What Happens Next: Policy and Patient Advocacy
The ICMR’s findings have already prompted calls for reform. The Ministry of Health and Family Welfare is drafting a National Male Infertility Task Force, modeled after the UK’s NHS Fertility Guidelines. Key proposals include:
- Mandatory insurance coverage for basic fertility tests (semen analysis, hormonal panels).
- Subsidized varicocele repairs in government hospitals (currently costing ₹50,000–₹150,000).
- Public awareness campaigns targeting occupational hazards (e.g., pesticide exposure in agriculture).
However, implementation faces hurdles. India’s National Health Portal currently lists zero male infertility specialists in 70% of districts. Without infrastructure, even policy changes risk becoming paper reforms.
The global picture is equally sobering. The WHO has classified infertility as a public health priority, yet funding remains skewed. In the U.S., the NIH allocates $50 million annually to reproductive research—just 1% of its budget—while female-focused conditions like PCOS receive $200 million.
The takeaway? Male infertility is no longer a niche issue—it’s a financial, clinical, and social crisis demanding urgent action. For patients, the message is clear: advocate for testing, challenge stigma, and push for systemic change. The cost of silence is far higher than the cost of care.
References
- ICMR. (2026). “Economic Burden of Male Infertility in India: A Nationwide Cost Analysis.” The Journal of Human Reproductive Sciences.

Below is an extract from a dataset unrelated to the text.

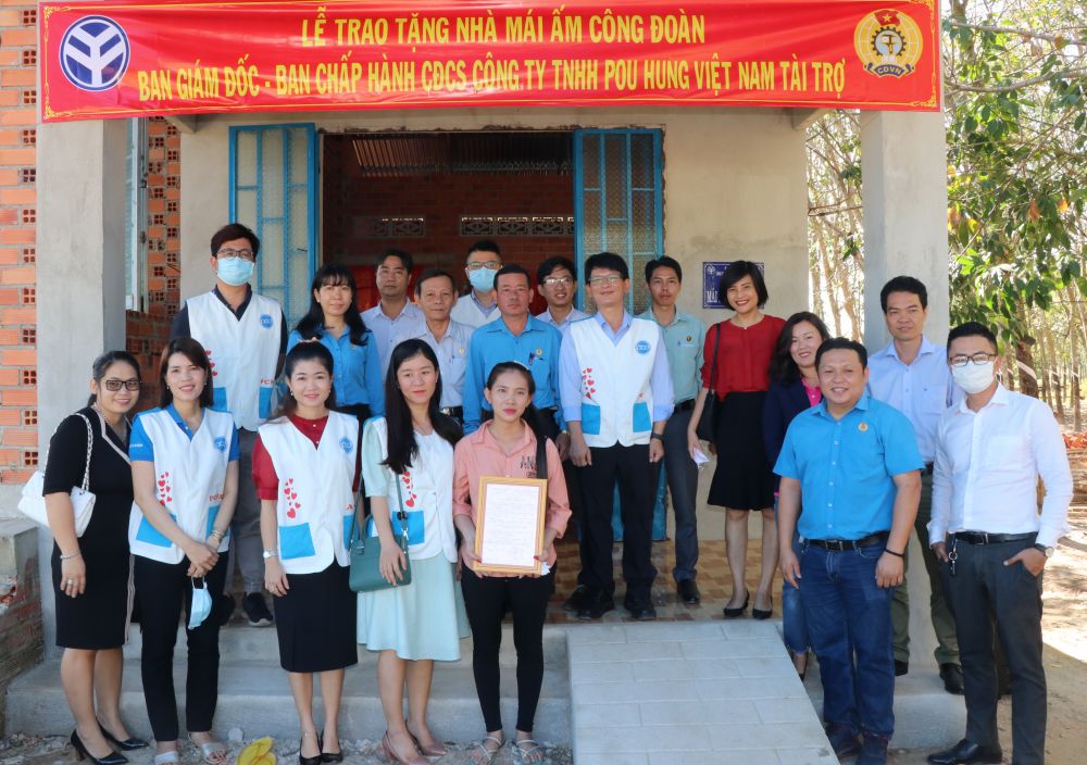 Sáng 06.1, Ban Giám đốc Công ty TNHH Pou Hung VN phối hợp cùng Ban Chấp hành công đoàn Công ty tổ chức trao tặng 2 căn nhà mái ấm công đoàn cho đoàn viên công đoàn Công ty có hoàn cảnh khó khăn về nhà ở.

- World Health Organization. (2025). “Infertility Fact Sheet.”
- Swan, S. H. (2019). “Environmental Chemicals and Male Reproductive Health.” The Lancet Planetary Health.
- Hammarström, A. (2020). “Mental Health Burden of Infertility.” JAMA Internal Medicine.
- Brosens, I. (2021). “Endometriosis: From Bench to Bedside.” The Lancet.
Disclaimer: This article is for informational purposes only and not a substitute for professional medical advice. Always consult a healthcare provider for personalized guidance.